How to complete this task: Your answer must consist only of the lines from the start of the entries through the line that holds "Fig. 12. Cracking", copied exactly, with no pictures.

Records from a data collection
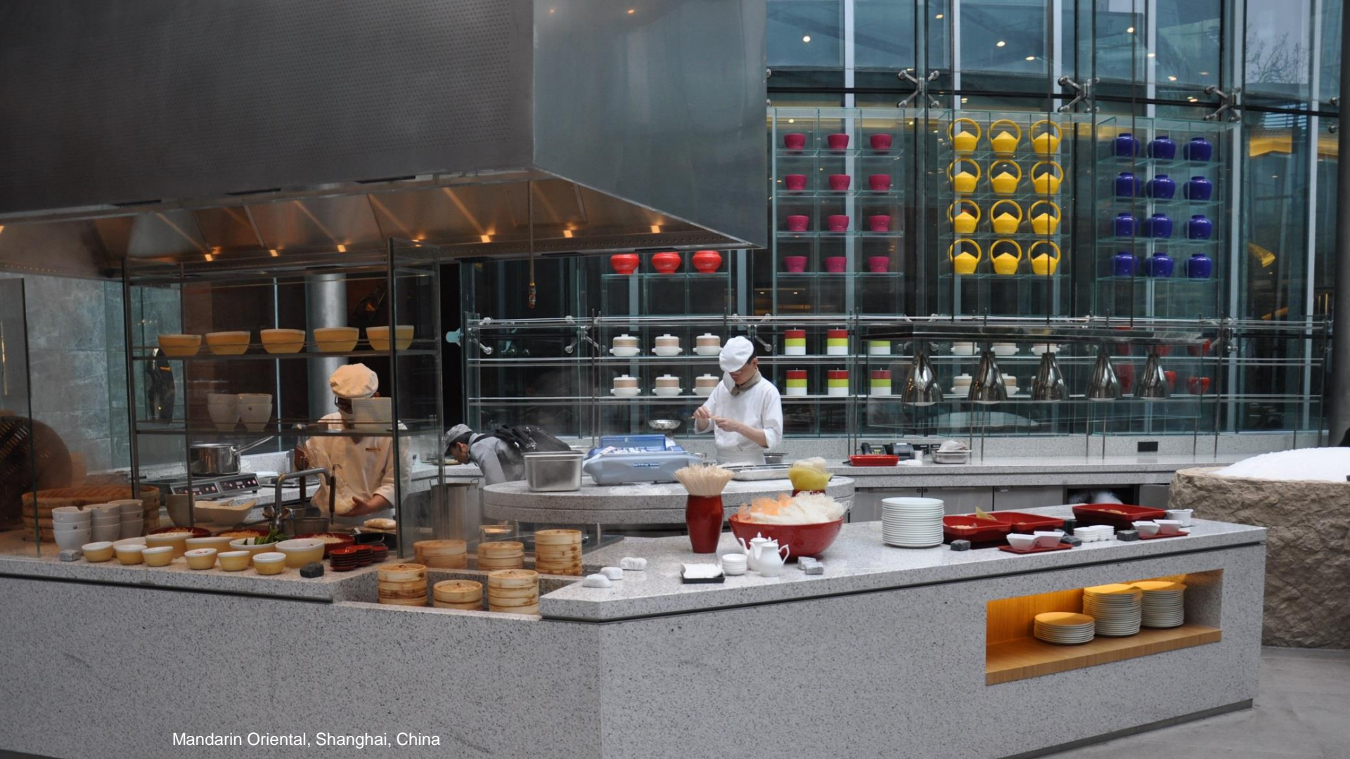
Mandarin Oriental, Shanghai, China
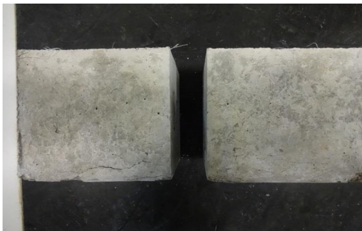
Fig. 12. Cracking pattern of concrete samples after pressure test.

Fig. 12 shows the concrete sample with composite fibers after the pressure test. Single-strand fibers mixed with network fibers can quickly form a broader network structure, reduce the stress concentration of concrete at the beginning of cracks, and thus increase compressive strength. Compared with the failure pattern of plain concrete, it can be concluded that the cracks on the surface of concrete reinforced with fibers are finer, more numerous, and widely distributed. It indicates that fiber-reinforced concrete is not entirely crushed under axial stress, and fibers play an essential role in strengthening the crack resistance, which causes multiple deviations from the crack propagation path and the occurrence of secondary cracks.
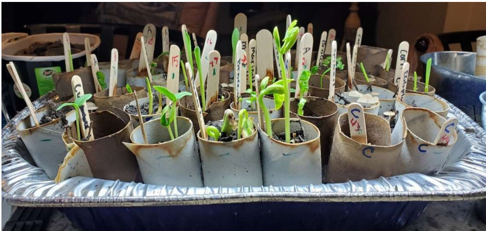
Mixed vegetable seeding – week 3
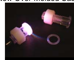
Accessory Lens, Nut & O-Ring
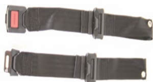
XFF 090018 Lap belt with buckle, metal
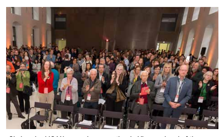
Six hundred ICAN campaigners gather in Vienna ahead of the conference.

This prayer service is derived from Pax Christi International's Interfaith Prayer Service for Nuclear Weapons Ban Treaty Negotiations, conducted on March 28, 2017, at the Isaiah Wall, NYC. Your chapter might use it at a chapter meeting or arrange an interfaith prayer service in your area.
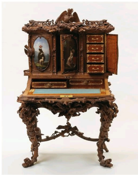
Cabinet of Empress Eugenie made by Alphonse Giroux, presented at the 1855 World's Fair, Compiègne Palace.
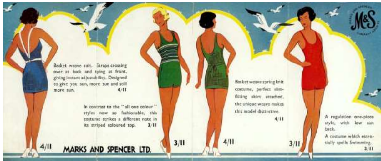
Figure 9. Marketing leaflet for swimsuits. C.1930. Marks and Spencer. Reference number: HO/11/1/5/27.

The changes in Jantzen's marketing aesthetics were also reflected in Hubbard's 1937 summer advertisement in the Worthing Herald [Figure 10]. It shows models, in an airbrush illustrated style, in diving action poses whilst wearing swimwear. The swimwear styles are not explicitly labelled as Jantzen and the iconic logo is not seen, although this is usually on the right-hand side and the image only shows us the left side of the bodies. They are, however, comparable to Jantzen 'Bra-Zip' styles that attached high-waisted trunks to a halter neck brassiere top with a metal zip [Figure 11]. This was a style that was a move towards the fashion for the two-piece bikini style.
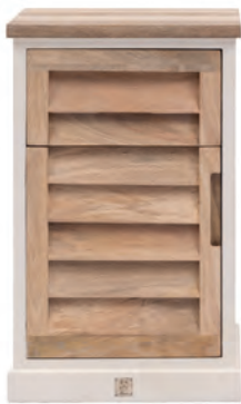
Bed Cabinet Pacifica
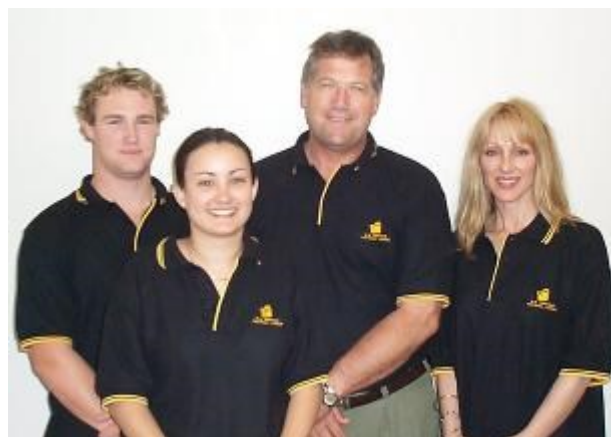
2003 WAAFL STAFF
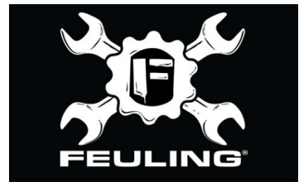
36" X 24" LOGO BANNER
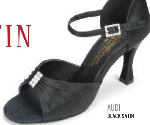
AUDI BLACK SATIN
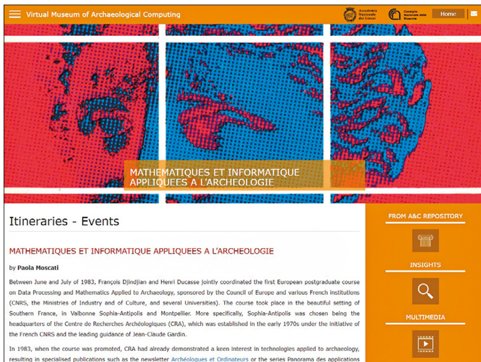
Fig. 6 – The interactive itinerary of the VMAC dedicated to the first European postgraduate course on Data Processing and Mathematics Applied to Archaeology (Valbonne-Montpellier 1983), by Paola Moscati.
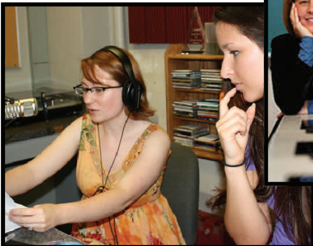
Strategic Visioning Students on Radio...

IUP has a diverse portfolio of funding streams that provides financial stability for the future.
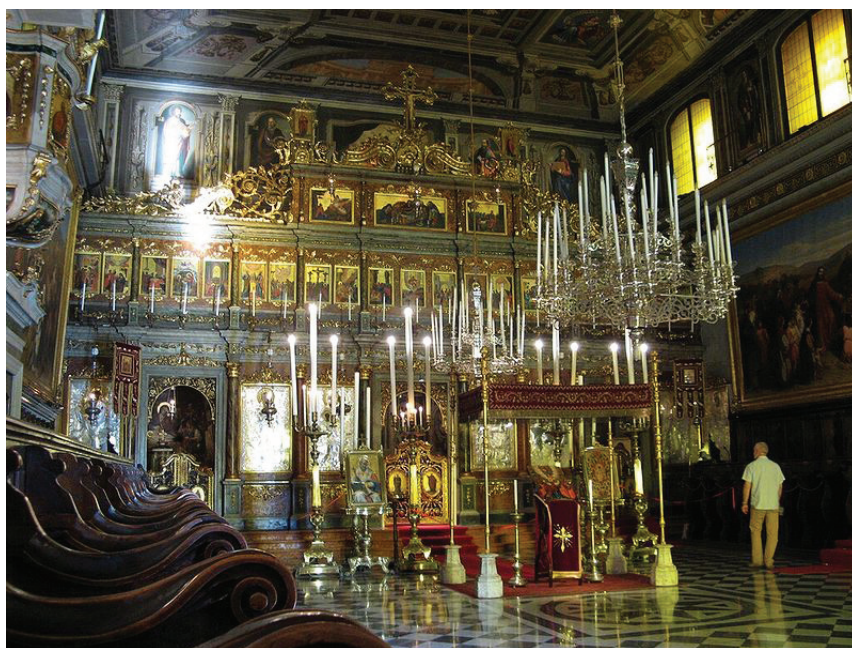
Fig. 17. Interior view of St Nicholas and Holy Trinity of the Greeks, Trieste.

If we take into consideration that the studies of the painter from Kefalonia in Italy and the transfer of his works to Corfu were carried out in very

Written response:
Mandarin Oriental, Shanghai, China
Fig. 12. Cracking pattern of concrete samples after pressure test.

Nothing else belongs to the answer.